Inspirado en el bíblico Libro de los Jueces, el libreto de Samson et Dalila recoge sintéticamente sus episodios esenciales: el ascenso y gloria de Sansón, la traición de Dalila y la ulterior venganza y consiguiente muerte del héroe, valiéndose así de un material dramático muy distinto del que usara Haendel en su oratorio Samson: mientras el músico germano-británico subraya la importancia exclusiva de su personaje principal, dejando a Dalila relegada a una mera presencia a modo de recuerdo del pasado, Saint-Saëns incorpora a la fémina con plenitud a su obra, buscando una casi cinematográfica contraposición de caracteres y concediendo a la bella filistea relevancia continuada a lo largo del drama, desde su entrada en el primer acto hasta la confesión del tercero. Seductora pérfida e irresistible, Dalila va armada con tres arias imponentes que exploran los registros más ventajosos de la voz de mezzosoprano: Printemps qui commence, sencilla de línea pero con muchos detalles y ambigüedades cromáticas; Amour, viens aider ma faiblesse, en la que la sensualidad venenosa de la filistea se adorna con peligrosas vocalizaciones; y finalmente Mon coeur s’ouvre à ta voix, con dos temas que se complementan: uno sencillo, de engañosa inocencia, y otro cargado de espasmos cromáticos a los que Sansón no se podrá resistir. Esta última aria se inserta dentro de una vasta secuencia calificada a menudo erróneamente como “dúo de amor”, cuando se trata en realidad de otra cosa bien distinta: Sansón expresa un deseo sexual cargado al tiempo de culpabilidad trágica, mientras Dalila hace evidentes sus engaños de serpiente. Para reforzar la tensión de esta escena, Saint-Saëns hace concluir las dos estrofas del aria de Dalila con las dos agudas exclamaciones de Sansón: “Dalila, je t’aime”.

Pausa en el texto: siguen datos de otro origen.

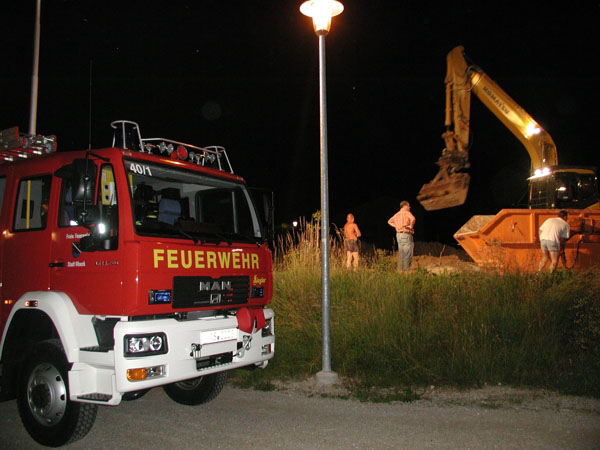 Die Arbeiten konnten jedoch nicht bis zum Schluß begleitet werden, da die FF Vilseck um 23:02 zu einem weiteren Einsatz alarmiert wurde.

El primer acto de la ópera tiene un claro predominio coral, yuxtaponiendo el sufrimiento de los hebreos y el heroísmo de Sansón con la sensualidad indecorosa de los filisteos, en tanto que el tercero, que se abre con la escena de Sansón y los gritos desolados de los hebreos, da paso a otra de distinta tradición lírica, la de la opéra-ballet francesa, donde se incluye también la conocida Bacanal, seguramente la página más famosa de la partitura. Tras esta orgía de perfume orientalista, el dúo en canon de Dalila y el Gran Sacerdote, con intervención de coro y percusión, instala una atmósfera de falsa alegría que, siguiendo los habituales preceptos dramáticos, precede y conduce al cataclismo final.

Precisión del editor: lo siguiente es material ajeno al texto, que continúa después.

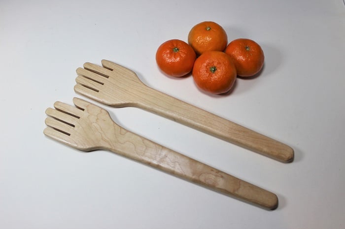 A set of hand shaped serving utensils made out of hard maple wood finished with multiple coats of food safe penetrating oil. The servers are gently tapered toward the heads with all the edges rounded and sanded smooth so they sit comfortable in the hand.

A pesar de no haber sido excesivamente bien acogida en su primera representación, el éxito y la innovación de esta ópera-oratorio de Saint-Saëns acabó por admitirse, residiendo, tal vez, en la inesperada síntesis de elementos dispares que el músico francés consigue fundir en una forma original: en ella está presente el Wagner de la dramaturgia hierática construida sobre la orquestación, también el gusto francés por el ritmo y el color (como en Delibes y Bizet) y la sensualidad melódica de los italianos, así como la tradición barroca (Bach y Haendel) y las riquezas armónicas propias de su tiempo. Temáticamente, aparte de la obvia referencia bíblica, la presencia remota de la tragedia griega (el personaje invencible con un determinante “talón de Aquiles”), la tradición misógina y el gusto orientalizante tan propio del último tramo del siglo XIX, constituyen un mosaico de influencias que, aun resultando pintoresco, precisamente por ello no deja indiferente.

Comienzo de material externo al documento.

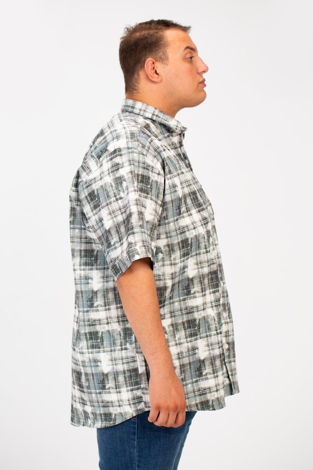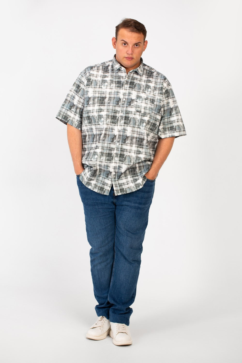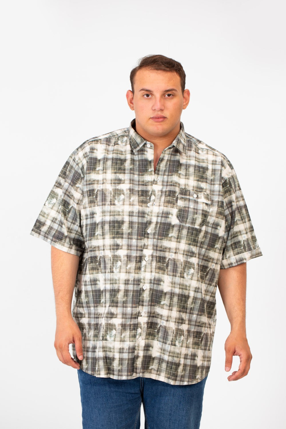 Introducing the Men's Big Size Checked Printed Half Sleeved Shirt. This shirt is designed for the modern man who demands both comfort and style. Featuring a classic checked print and convenient front pocket, this Printed Half Sleeved Shirt offers a relaxed fit perfect for warmer days. Enjoy effortless style and all-day comfort. Add this essential piece to your collection today and experience the difference!

Inspirado en el bíblico Libro de los Jueces, el libreto de Samson et Dalila recoge sintéticamente sus episodios esenciales: el ascenso y gloria de Sansón, la traición de Dalila y la ulterior venganza y consiguiente muerte del héroe, valiéndose así de un material dramático muy distinto del que usara Haendel en su oratorio Samson: mientras el músico germano-británico subraya la importancia exclusiva de su personaje principal, dejando a Dalila relegada a una mera presencia a modo de recuerdo del pasado, Saint-Saëns incorpora a la fémina con plenitud a su obra, buscando una casi cinematográfica contraposición de caracteres y concediendo a la bella filistea relevancia continuada a lo largo del drama, desde su entrada en el primer acto hasta la confesión del tercero. Seductora pérfida e irresistible, Dalila va armada con tres arias imponentes que exploran los registros más ventajosos de la voz de mezzosoprano: Printemps qui commence, sencilla de línea pero con muchos detalles y ambigüedades cromáticas; Amour, viens aider ma faiblesse, en la que la sensualidad venenosa de la filistea se adorna con peligrosas vocalizaciones; y finalmente Mon coeur s’ouvre à ta voix, con dos temas que se complementan: uno sencillo, de engañosa inocencia, y otro cargado de espasmos cromáticos a los que Sansón no se podrá resistir. Esta última aria se inserta dentro de una vasta secuencia calificada a menudo erróneamente como “dúo de amor”, cuando se trata en realidad de otra cosa bien distinta: Sansón expresa un deseo sexual cargado al tiempo de culpabilidad trágica, mientras Dalila hace evidentes sus engaños de serpiente. Para reforzar la tensión de esta escena, Saint-Saëns hace concluir las dos estrofas del aria de Dalila con las dos agudas exclamaciones de Sansón: “Dalila, je t’aime”.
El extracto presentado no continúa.